Despite their oddball surfaces, the Coens’ films have generally been based around fairly clichéd, if not outright banal, sitcom ideas.  The romantic comedy Intolerable Cruelty, the brothers’ first film literally based on someone else’s idea (the script is a rewrite of a never-produced screenplay by Robert Ramsey, Matthew Stone, and John Romano), reveals what a Coen film would look like without that oddball surface, and it isn’t pretty.  The plot revolves around divorce attorney George Clooney’s growing attachment to Catherine Zeta-Jones, the estranged wife of one of his clients.  This isn’t a terrible setup for a farcical romantic comedy, and Clooney at least is an ideal leading man for modern-day screwball.  But sadly he has no chemistry with Zeta-Jones, possibly because she isn’t asked to do anything other than be a shrew, and the Coens pile on so many inane plot twists, pointlessly flamboyant supporting caricatures, and shrill “observations” about the incompatibility of men and women that the main storyline has no room to breathe.  It is a mark of the film’s lack of wit that the line “we’re gonna nail his ass” is its major recurring joke.  And since Intolerable Cruelty is essentially “Coens light,” we don’t get the usual vibrant setpieces or distinctive dialogue to distract from the emptiness at the film’s core.


If Intolerable Cruelty is the nadir of the Coen Brothers’ career, The Ladykillers (2004) represents at least a slight step up.   Remaking Alexander Mackendrick’s popular Ealing Studios comedy (1955) by transplanting the action from rural England to Mississippi is an odd choice, since the original is so thoroughly British that its value to the American viewer is questionable (to my mind, Kind Hearts and Coronets {1949} is the much funnier Ealing Studios film), though the Coens deserve some credit for at least attempting to make the material their own.  A band of thieves led by Tom Hanks plot to steal the money from a riverboat casino, but are foiled at every turn by no-nonsense churchgoer Irma P. Hall, whose basement they are using as a headquarter.  The actual storyline of The Ladykillers falls mostly flat; by the time major part of the plot kicks in, with the crooks attempting to kill Hall but accidentally killing each other or themselves, it feels like too much of an afterthought to get invested in.  But the energy level is up considerably from Intolerable Cruelty, largely because the cast is clearly having a lot of fun (Hanks, in particular, is very charming in one of his increasingly rare comedic roles) and the story isn’t weighted down with too many tangential characters.  T-Bone Burnett, working with the Coens for the first time since O Brother, Where Art Thou? (2000), provides a fine gospel and Southern hip hop soundtrack, though it isn’t as well-integrated into the film as their past collaborations were.  It would be a stretch to call The Ladykillers a return to form, and it is certainly one of the Coens’ weakest films, but it does have its moments.

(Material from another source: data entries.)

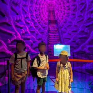太陽の塔🌞 2025/09/29 きずな・リアン 別の枠でしたが同じ日に万博公園の太陽の塔見学へ🚙🍂 太陽の塔の中は岡本太郎ワールド!! 独特の世界観に大人も子供も啞然😲 もちろん『怖い怖い』と進むのをためらう子たちもいました(笑) 長い階段を上りながら見て回ると色々な生き物がいるので 『先生みて!あそこにマンモス!恐竜がいる!』などなど・・ みんなたくさんの生き物を見つけていました👀❕❕ なかなか行くこともないので いい経験になりました☺✿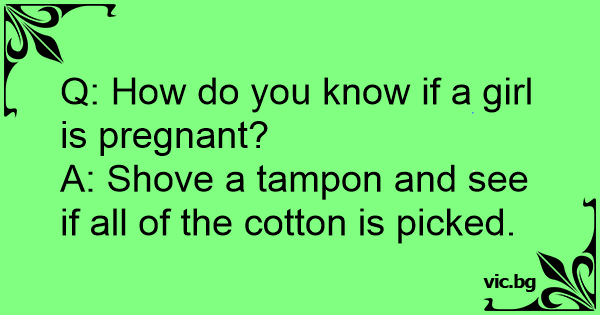 Q: How do you know if a girl is pregnant?<br />A: Shove a тамроn and see if all of the cotton is picked.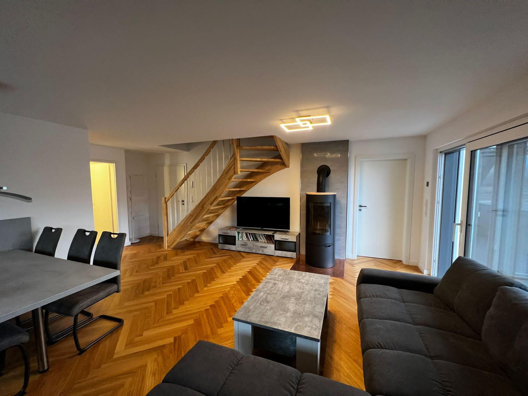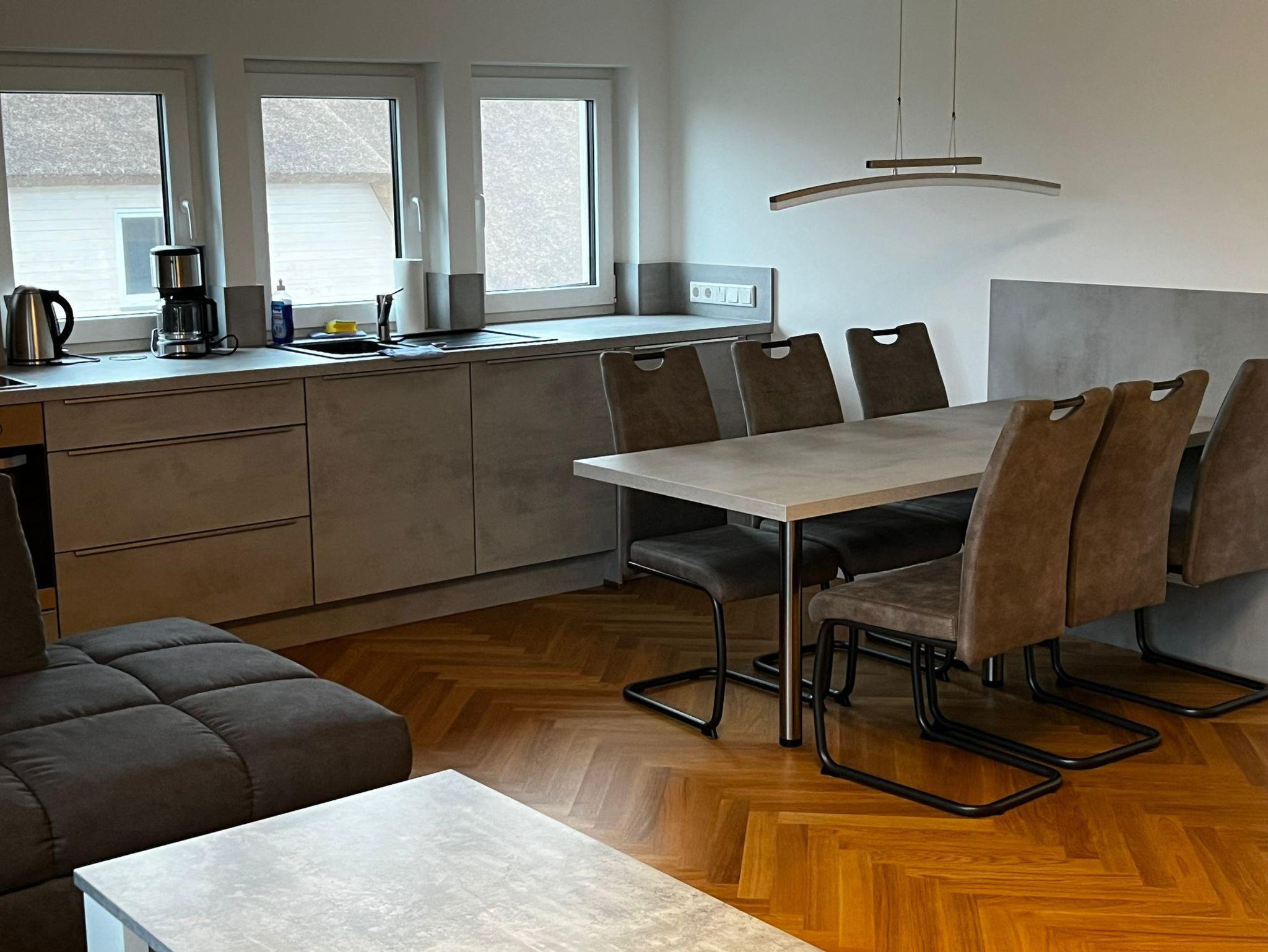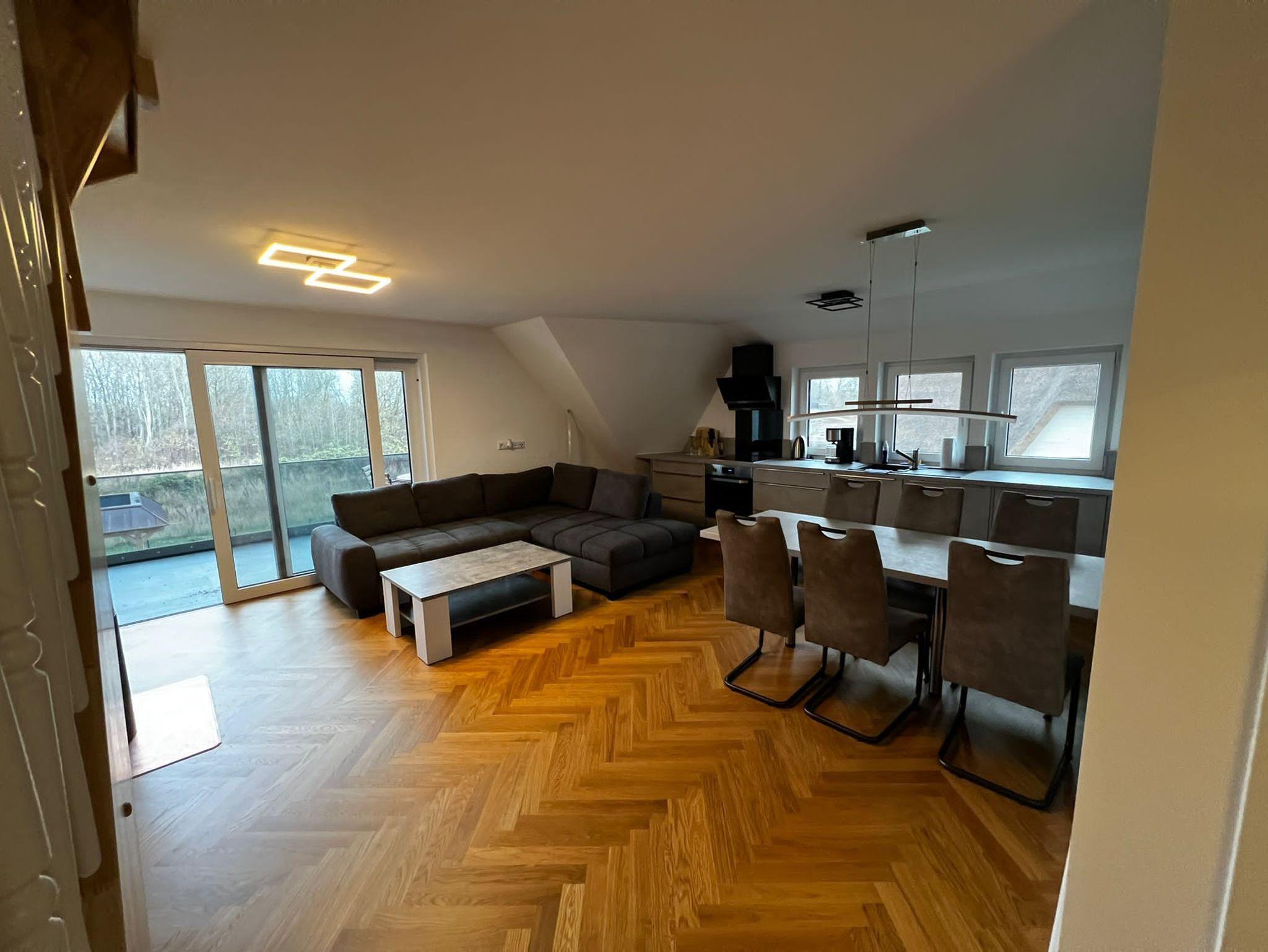 Das Wohnzimmer hat neben einer bequemen Couch und einem Tisch, eine offene Küche die modern und komplett ausgestattet mit einem Esstisch und Stühlen ist.

Perhaps recognizing that they’d hit a dead end with their recent, relatively conventional feature films, the Coen Brothers next worked on two different short films.  Tuileries (2006) is their six-minute contribution to the anthology film Paris, je t’aime, while World Cinema (2007) is a three-minute piece commissioned as a pre-film short for the Cannes Film Festival.  Tuileries follows tourist Steve Buscemi as he is tormented by a hostile couple whose language he doesn’t understand, a child shooting spitballs at him, and a tourist manual that suggests all of the terrible things that could potentially happen to him while on vacation.  World Cinema has cowboy Josh Brolin torn between seeing Rules of the Game (1939) and Climates (2006) at an indie theatre.  Neither short transcends its one-joke premise, but they each make good use of their stars’ put-upon demeanors, and it is somewhat refreshing to find the Coens doing something simple that they aren’t pretending is complicated.